Profile Image for kateywatey.
11 reviews
June 4, 2012
I came across this book whilst on a magic realism expedition. I'd never heard of it before, nor of Lai, so you can imagine my sheer surprise when this book ticked so many boxes for me. Mythology, storytelling, shapeshifting through the ages, re-storytelling, women who love women ...

I devoured this book on the first read, and I knew I had rushed through it, not letting the story and characters fully consume me. I read it in a second, more-dedicated reading a couple of months later. The book consumed me -- it was all I could think about, I took the characters with me, and wove them into my own imaginative pursuits. The story became me, in part. It was no surprise, that after the climactic ending, I was breathless that this book was no more ...

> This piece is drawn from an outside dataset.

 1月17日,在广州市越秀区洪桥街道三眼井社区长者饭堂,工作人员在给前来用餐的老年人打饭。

What a find, and an unexpected gem of a find ... the best read I've come across in years.

Thank you, Larissa Lai.

Profile Image for Ivana Books Are Magic.
523 reviews301 followers
September 9, 2016
This novel follows three different narrations that flow toward a common source. These narrations come closer and closer together until they join in a single river that sings a profound song. Goodreads describes When Fox Turns A Thousand as a lyrical novel. I can certainly see why for its prose is indeed lyrical. The novel is written beautifully and poetically. You know, if the author was South American in origin, perhaps we would call this novel magical realism. Speaking of origin, that happens to be an important theme in this novel. Asian origin is a much discussed subject in his novel. What does our origin really mean? Is it a cultural or a racial thing? Are there ties of blood that link us to the places of our origin, some kind of collective memory founded a biological basis we share, or is it a matter of choice, ties of heart and emotion? Or is it a matter of education? Can it be that knowing a lot about a certain culture makes us a part of it? This novel is all about female Asian voices, both past and modern ones. This story is about West meeting East, not East of the present but that of the past. East of the old preserved in the souls of women. For aren’t women traditionally keepers of lore?

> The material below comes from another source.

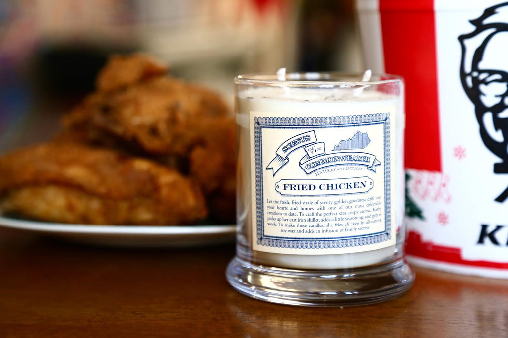 We're excited to announce our 'Scents Of The Commonwealth' candles are back in action, y'all! And just in time for the holidays! Once again we've collaborated with Kentucky's most prolific candle maker, Kathy Werking, and Rachael Sinclair, designer of these candle labels, to bring you these five awesome Kentucky scented soy wax candles; Bourbon Ball candle, Cornbread (NEW), Burning Couch (NEW), Mint Julep candle, and our world famous Fried Chicken candle. All available this Wednesday, November 22nd at 10AM on our website. Give your out-of-state Kentuckians the scents of home for the holidays.

In this novel you will see Asian mythology coming to life, getting mixed up in lives of modern women of Asian origin that are living in Canada of the present. To introduce this novel, I think it makes sense to add that it could also be described as a lesbian novel. That’s how I see it, because I don’t think that any of these sexual relationships between women described (both those set in past and those set in present) should be taken in a metaphorical way, they are to be taken for what they are. Homosexual love takes many shapes and forms in this novel, it is not always a perfect joining of souls, but it is always love. Lesbian love in varying degress of depth and meaning, ranging from loved primarily based on lust and desire to that based on deep connections and friendship.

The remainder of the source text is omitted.